Влияние Шаврова, по-моему, было очень велико.

Белогрудов тоже требовал не ограничиваться Иловайским и Белярминовым.

Вся гимназическая система как раз достигала противоположных результатов.

Как на пример укажу на развитие в учениках совершенно индиферентного отношения к религии.

Достигалось это простым способом — обязательным посещением гимназической церкви, с постоянным слежением за поведением учеников в церкви, причем поп подглядывал из алтаря и завел наушников.

Если не ошибаюсь, в 1874 г. в Житомир были высланы под надзор полиции Урсин и Виленц.

Последний был местный уроженец и имел брата в старшем классе гимназии.

Они свели знакомство с учениками старших классов, и с их-то легкой руки "крамола" свила прочное гнездо в Житомирской гимназии.

Среди гимназистов старших классов пошли гулять недозволенные для чтения книги, в первую голову сочинения Писарева.

Появилась и нелегальная литература, только в небольшом количестве.

Но все-таки организованного кружка не было. Урсин и Виленц как таинственно появились, так и скрылись.

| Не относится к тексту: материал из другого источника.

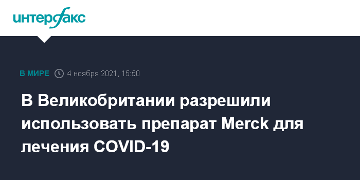 Москва. 4 ноября. INTERFAX.RU - Британское агентство по регулированию лекарственных средств одобрило применение препарата молнупиравир американской компании Merck для лечения коронавируса у взрослого населения страны.
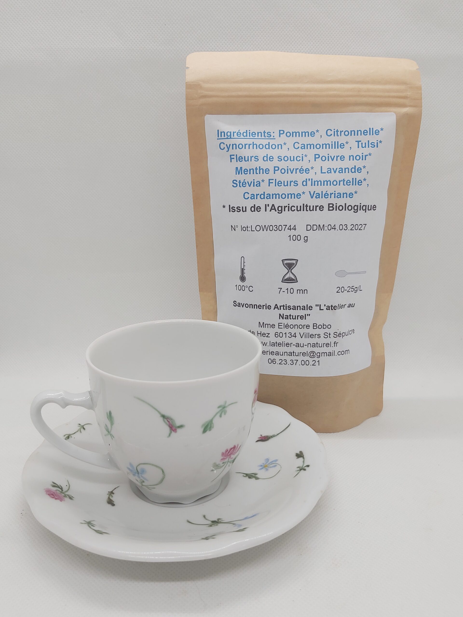 Composition: Pomme, Citronnelle, Cynorrhodon, Camomille, Tulsi, Fleurs de Souci, Poivre Noir, Menthe Poivrée, Lavande, Stévia, Fleurs d’Immortelle, Cardamome, Valériane
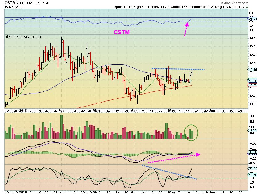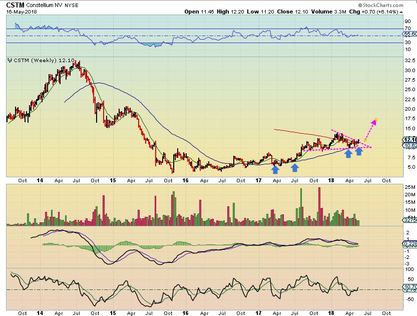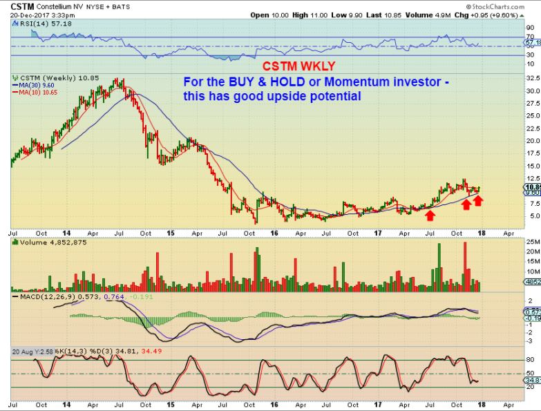 CSTM #1 – Last DECEMBER, I pointed out that I really like the Big Picture Chart of CSTM as it ran from $5 to $12.50 & pulled back to $10. It was in a consolidation phase, but looked ready to go again. It then ran to $14 and is now at $11 ish again. I believe that it is a good long term buy & hold, let’s zoom in.
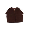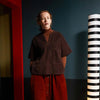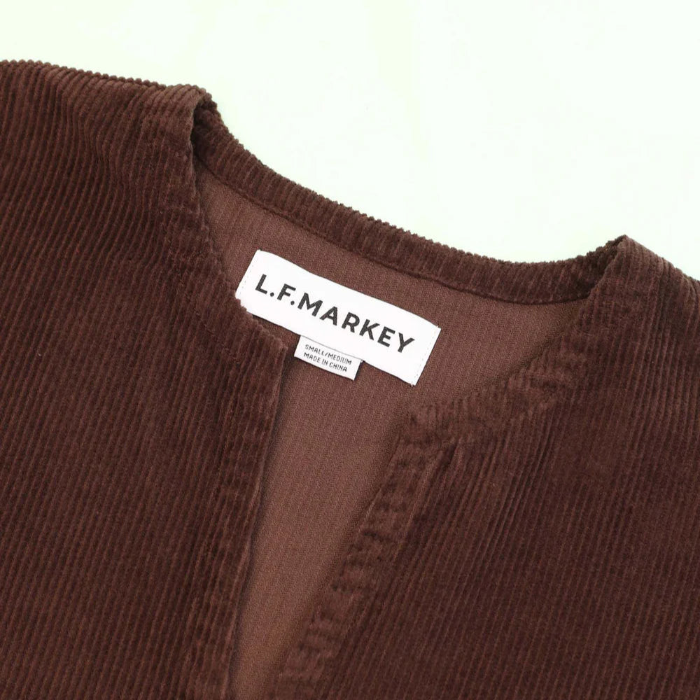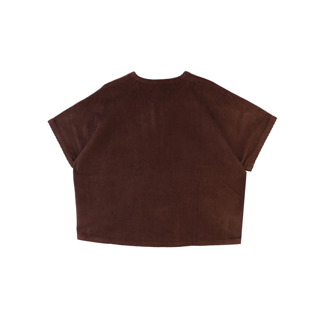 The Trevor Top is a wide-fit, boxy square shape top with a slight crop and short sleeves. Featuring a low v-neckline and front patch pockets. Made from a deep umber brown cotton corduroy.
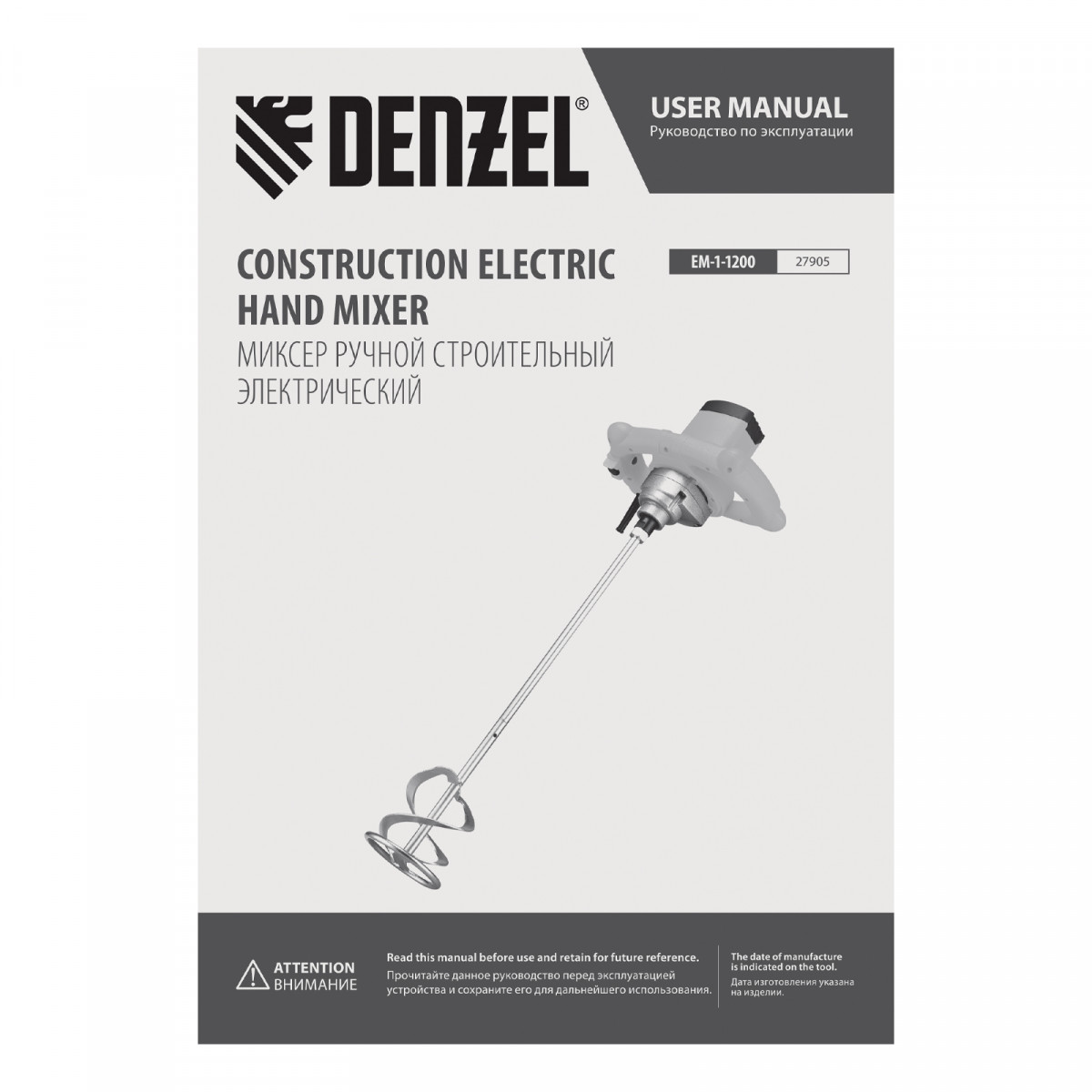 Миксер строительный EM-1-1200, 1200 Вт, 0-680 об/мин Denzel

О появлении их я узнал после. И к нам, ученикам 4 и 5 классов, стали перепадать недозволенные книги: романы Шпильгагена, "Эмма" Швейцера, "Что делать", Флеровский и Писарев.

Статьи Писарева, можно сказать, перевернули в наших головах все вверх дном и из самых благонамереннейших учеников делали, прежде всего, протестантов против гимназического режима.

Появилась нелегальщина, прежде всего в виде сказок.

Первой нелегальной книжкой для меня была "Сказка о 4-х братьях". Мне она не понравилась: мне показалось неправдоподобным, чтобы все 4 брата, отправившись в разные стороны, встретили только одну неправду.

Мы, конечно, обменивались мнениями по поводу прочитанного, увидели свое полное невежество и решили, не помню уж по чьей инициативе, образовать кружок самообразования.

Составился небольшой кружок, собиравшийся на квартире будущего знаменитого профессора В. В. Подвысоцкого.

Обменивались мыслями по поводу прочитанного, писали рефераты.

Помню, решили познакомиться с политической экономией и начали знакомиться с ней по Миллю. Одновременно с этим постановили завести библиотечку из недозволенных для гимназистов книг, обложили себя небольшими взносами и стали покупать книги. Подошли переходные экзамены, и кружок наш приостановил свою деятельность, а летом 1876 г. из этого кружка выделился уже чисто революционный кружок, сформировавшийся к августу месяцу.

В него, кроме меня, вошли Аполлон Немоловский, Федор Компанец, Меер Абрамович, Антон Пашинский, Иван Дьяков, Стефания Шимановская и еще два-три человека, принимавшие в делах нащего кружка менее деятельное участие.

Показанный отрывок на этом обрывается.